*** Information supplied ***

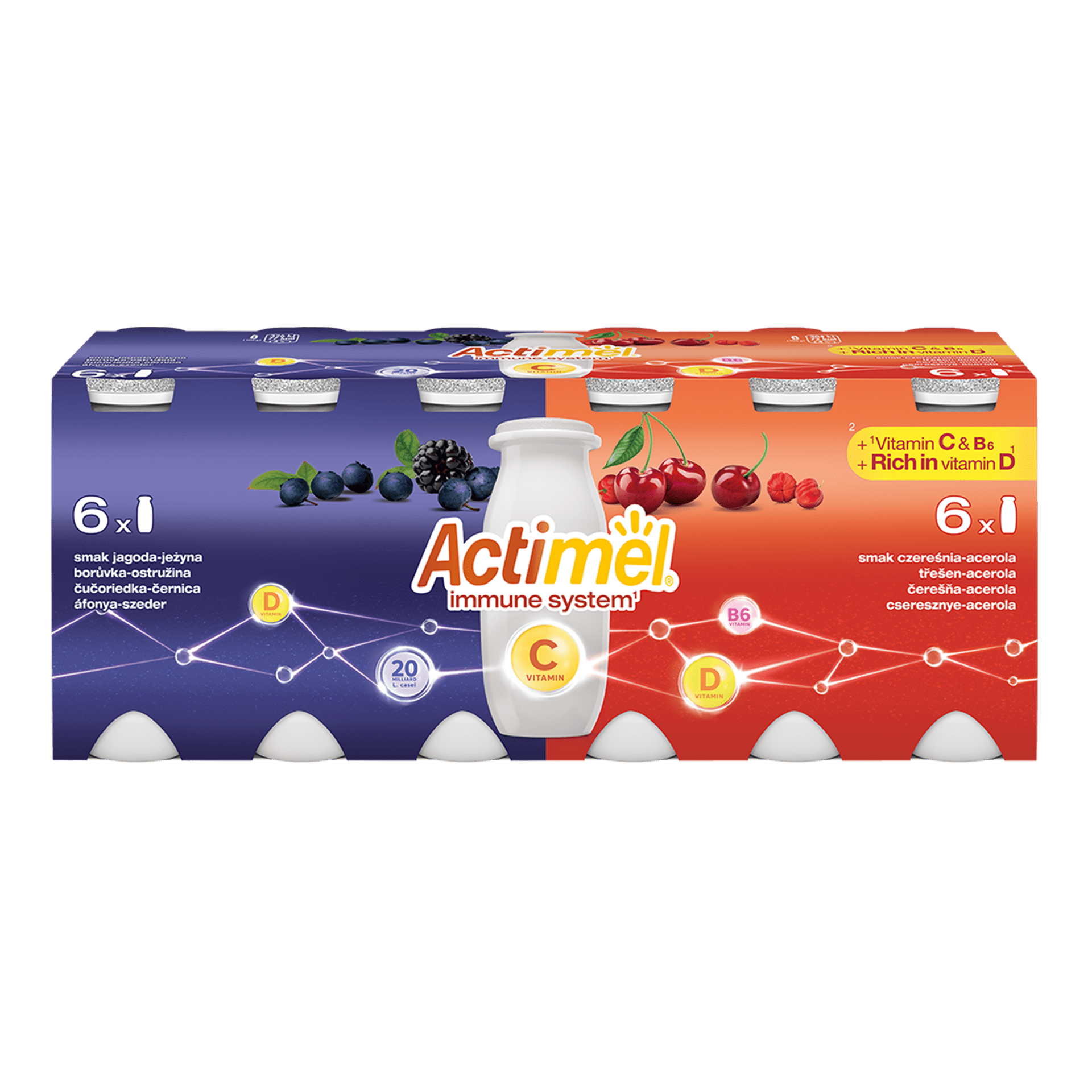 *Minden palack Actimel B6-vitamin forrás, valamint D-vitaminban gazdag. A B6- és D-vitaminok hozzájárulnak az immunrendszer normál működéséhez. Egy palack Actimel a kiegyensúlyozott, változatos étrend és egészséges életmód részeként fogyasztandó.
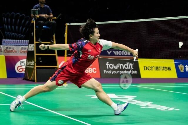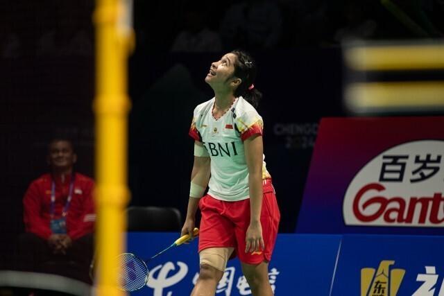 5月5日,四川成都,尤伯杯决赛现场,印尼队的瓦多约在第三场女单比赛中。瓦多约在拿下首局后被中国队的何冰娇逆转。汪龙华/摄
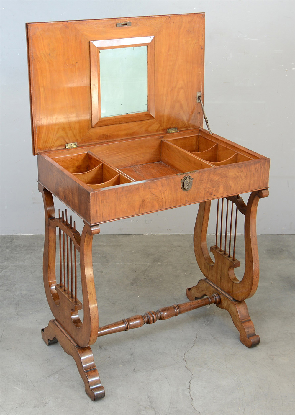 Tavolo toilette in noce con gambe a lira riunite da traversa tornita. Secolo XIX (cm 72x79x46)
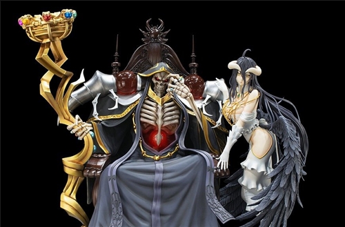 An impressive statue of approximately 62 cm in height and 20 kg in weight that, as you can see, has been sculpted without leaving even the smallest detail so that the most Overlord fans can soon add a new piece worthy of it to your collection. A most imposing statue in which we can see Ainz Ooal Gown sitting on the Nazarick Throne and Albedo standing next to him and in which, both of them have been sculpted and painted, simply paying the utmost attention to detail. From their respective outfits, Ainz Ooal Gown's staff, the throne he's sitting on, and down to each of Albedo's black wing feathers.
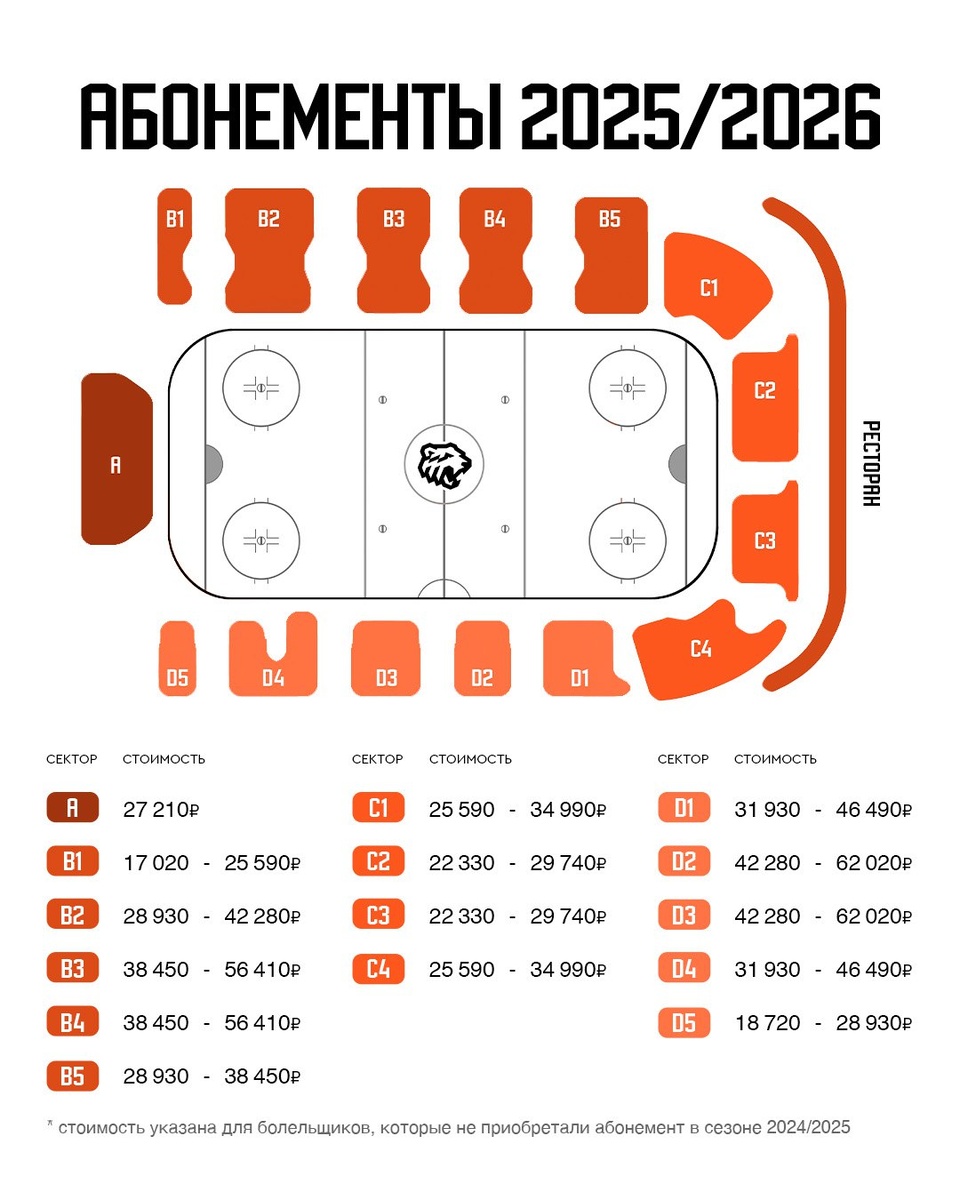Самый дешевый абонемент на игры челябинской команды в регулярном чемпионате стоит 17 020 рублей для новых покупателей (год назад — 10 000), самый дорогой за год подорожал на 89% и его можно взять за 62 020 рублей (год назад — 32 700). Владельцы прошлогодних абонементов имеют скидку в 30% на покупку новых.

*** End of Information supplied ***

Task objective: Give back the material above exactly as written, but omit the images.

Result of this task:
 *Minden palack Actimel B6-vitamin forrás, valamint D-vitaminban gazdag. A B6- és D-vitaminok hozzájárulnak az immunrendszer normál működéséhez. Egy palack Actimel a kiegyensúlyozott, változatos étrend és egészséges életmód részeként fogyasztandó.
 5月5日,四川成都,尤伯杯决赛现场,印尼队的瓦多约在第三场女单比赛中。瓦多约在拿下首局后被中国队的何冰娇逆转。汪龙华/摄
 Tavolo toilette in noce con gambe a lira riunite da traversa tornita. Secolo XIX (cm 72x79x46)
 An impressive statue of approximately 62 cm in height and 20 kg in weight that, as you can see, has been sculpted without leaving even the smallest detail so that the most Overlord fans can soon add a new piece worthy of it to your collection. A most imposing statue in which we can see Ainz Ooal Gown sitting on the Nazarick Throne and Albedo standing next to him and in which, both of them have been sculpted and painted, simply paying the utmost attention to detail. From their respective outfits, Ainz Ooal Gown's staff, the throne he's sitting on, and down to each of Albedo's black wing feathers.
Самый дешевый абонемент на игры челябинской команды в регулярном чемпионате стоит 17 020 рублей для новых покупателей (год назад — 10 000), самый дорогой за год подорожал на 89% и его можно взять за 62 020 рублей (год назад — 32 700). Владельцы прошлогодних абонементов имеют скидку в 30% на покупку новых.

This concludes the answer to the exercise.